诱导性共刺激分子(ICOS)是一种免疫共刺激分子,已发现在各种恶性肿瘤中发挥重要作用。本研究调查了ICOS在胶质瘤中的转录组谱和临床特征。从中国胶质瘤基因组图谱(CGGA)数据集下载了301例胶质瘤样本的临床信息和转录组数据进行分析(CGGA301队列)。此外,在来自TCGA胶质瘤数据集的697个具有RNAseq数据的样本和来自CGGA325数据集的325个具有RNAseq数据的胶质瘤中验证了结果。在组织微阵列(TMA)中进行免疫组织化学以评估不同WHO分级中ICOS蛋白的表达。此外,使用来自CGGA和GSE 163108数据集的单细胞测序数据来分析不同细胞类型中的ICOS表达。使用R语言进行统计分析和图形制作。我们发现ICOS在高级别、IDH野生型和间充质亚型的胶质瘤中显著上调。

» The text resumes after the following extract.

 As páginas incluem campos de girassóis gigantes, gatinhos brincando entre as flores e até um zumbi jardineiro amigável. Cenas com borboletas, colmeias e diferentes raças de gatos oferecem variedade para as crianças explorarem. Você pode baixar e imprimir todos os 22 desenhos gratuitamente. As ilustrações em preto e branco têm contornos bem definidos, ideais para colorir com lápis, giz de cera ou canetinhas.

功能富集分析表明ICOS主要参与胶质瘤相关的免疫反应。此外,ICOS与其他免疫检查点密切相关,包括PD1/PD-L1/PD-L2途径、CTLA4、ICOSL(ICOS配体)和IDO1。随后的肿瘤免疫功能障碍和排除(TIDE)分析表明,ICOS表达较高的胶质母细胞瘤患者似乎对ICB治疗更敏感。此外,基于七个元基因簇,GSVA确定ICOS与HCK、LCK、MHC-I、MHC-II、STAT1和干扰素密切相关,尤其是与LCK,这表明ICOS与胶质瘤中的T细胞活性之间存在很强的相关性。在细胞谱系分析中,ICOS较高的胶质瘤倾向于将树突状细胞、单核细胞和巨噬细胞募集到肿瘤微环境中。单细胞测序分析表明ICOS在调节性T细胞(Tregs)中高表达,尤其是在成熟Tregs中。最后,ICOS较高的患者生存期缩短。ICOS是胶质瘤患者的独立预后因素。总之,较高的ICOS与胶质瘤的更多恶性程度相关,并且在胶质瘤相关的免疫反应中与Treg活性显著相关。此外,ICOS可作为胶质瘤的独立预后因素。我们的研究突出了ICOS在胶质瘤中的作用,并可能促进针对ICOS的胶质瘤治疗策略。